Carli wanted more than anything to understand what made her mother do the things she did. Why did Michelle have this incessant need for constant fun and lies to her parents? For as long as Carli could remember she had been the exact opposite, always seeming older than her years. Honestly, the popular party crowd always bored her. Carli couldn’t help but wonder what her life might have been like if her mother had raised her instead of the Fitzgeralds.
“Michelle loved people and parties. We saw her around town, and we heard rumors, but we were caught between a rock and a hard place. Was it our place to rat her out? Now, I wish we had. We were so young and in love, and I just kept my nose buried in the ranch work. If we had said something, it might have stopped her from running away, but then again, she was so darn stubborn. If you tried to rein her in, it just made it worse. Nobody could control the runaway train wreck that was Michelle.”
Carli’s heart raced. She wanted to tell him about the birth certificate she found with the name of her birth father, but she was afraid. Of what, she didn’t know. For some reason it was her secret still. She wanted to hang on to the knowledge for a few days more. “Do you know any of the guys she might have dated?”
“Michelle had many boyfriends, if the rumors were true. I hate to speak of the deceased in a bad way, but you’re asking. I don’t mean to be disrespectful. Your mother was so full of life. Her smile lit up a room the minute she walked in and she never knew a stranger. Everyone claimed to be her friend. Everyone wanted to be her friend.”
“What did my grandparents do?” Carli finally stood, walked into the kitchen to get the coffee pot and refill their mugs.
“It was the classic pushing and pulling between parent and child for dominance, for authority. They grounded her or took her car keys away, forbade her from riding her horse, but she’d rebel and lie about her whereabouts, then things kept getting worse. Coming home late, red eyes or the smell of alcohol, until finally she didn’t come home until the next day or even second day. She talked back to them. Harsh, ugly words were said. Words that can never be taken back. And your Grandma Jean cried. It was becoming an impossible situation. On nights she didn’t come home, they hated to bring the sheriff into it because rumors were already going around. Jean and Ward hated the gossip and attention it brought to the Wild Cow.”
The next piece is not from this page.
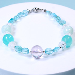 クンツァイト ラウンド (約10mm)、アパタイト 平タンブル (約7×5mm)、クラック水晶 ラウンド (約6mm)、ウイグル産アマゾナイトシリカ ラウンド (約8.5mm)、アマゾナイト ラウンド (約8mm)、silver925、合金カテゴリ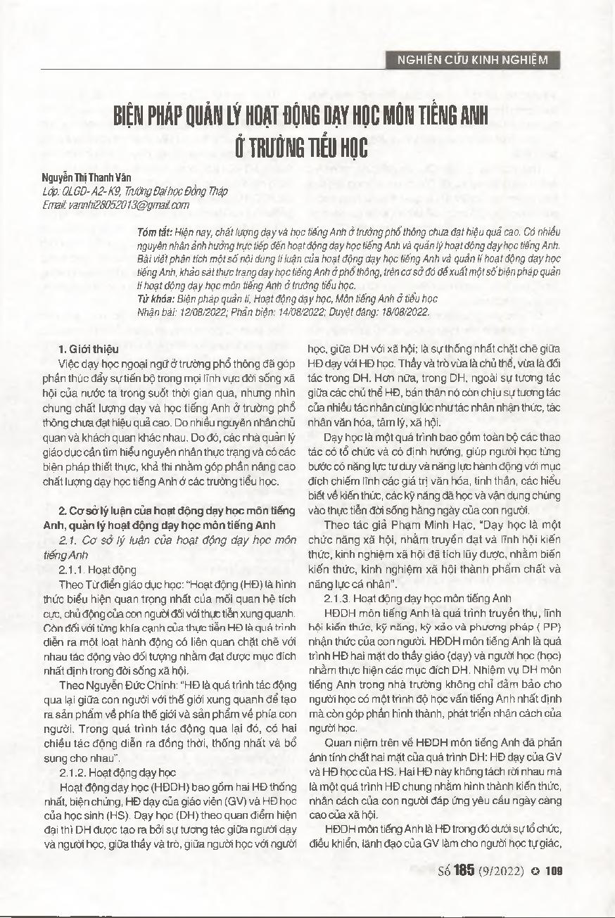Biện pháp quản lý hoạt động dạy học môn tiếng Anh ở trường tiểu học

“And then what?” Carli was on the edge of her seat.
“And then she became pregnant with you.”
“Oh.” Carli let out a sigh and rose. “What happened then? Were they upset?”
“I think they were really sad. But I gotta say, neither Ward nor Jean ever yelled at Michelle after that. They showed her love. Unconditional love. And said they would help her raise the baby. You.”
Buck turned quiet, staring into his mug. Lost in the past. “And then she was gone,” he mumbled under his breath. “Vanished. All I remember was the sound of a motorcycle one night. I thought it was someone riding through headquarters really slow but now I know he was parked out by the corral, waiting. The roar when he gunned it was ear splitting and then the sound grew fainter and fainter. I didn’t even look out. Now I know Michelle left with him.”
“My grandparents must have been devastated.” Carli’s heart hurt.
“And she left a scrap of a note,” Buck continued. “If I can remember right, it read something like, ‘I’m leaving. Can’t stay. Don’t worry. I’ll be fine.’ Pretty much broke their hearts. Not only was Michelle gone. But she took you, too. Their only grandchild.”
“What did they do?” Carli leaned in closer and scooted to the edge of her chair.
“They called the sheriff this time. We never found out who she rode off with. The sheriff questioned all her friends, but turned up nothing, so we think the guy must have been from another town. Michelle covered up her tracks well, but she had to have had help. If anyone knew who took her away that night, they weren’t talking.”
Carli let out a whoosh of air, though she hadn’t realized she was holding her breath. She paced over to the windows, her back to Buck. Was the man on the motorcycle that night her birth father? A sadness crept over Carli as she listened. She might never know the truth. “When did they find out I was born?”
“Jean and Ward figured approximately when you’d be born. They asked all over Texas it seemed. Contacted Michelle’s school friends again, asked everybody they knew at rodeos if they’d seen her. Someone kept her hidden, but we never found out who. As for your grandparents, it’s as though the joy was sucked out of them. They kept hitting dead ends until finally they hired a private detective. After that, he gave them the sad report. He tracked your mother to Los Angeles, interviewed a few of her new party-going friends out there who didn’t really want to talk to him until he slipped them a little cash. Ward and Jean spent a fortune trying to find her. Once again Michelle was able to stay hidden. She had slipped through their fingers.”
A sadness jolted her heart. “Was she an addict by then?”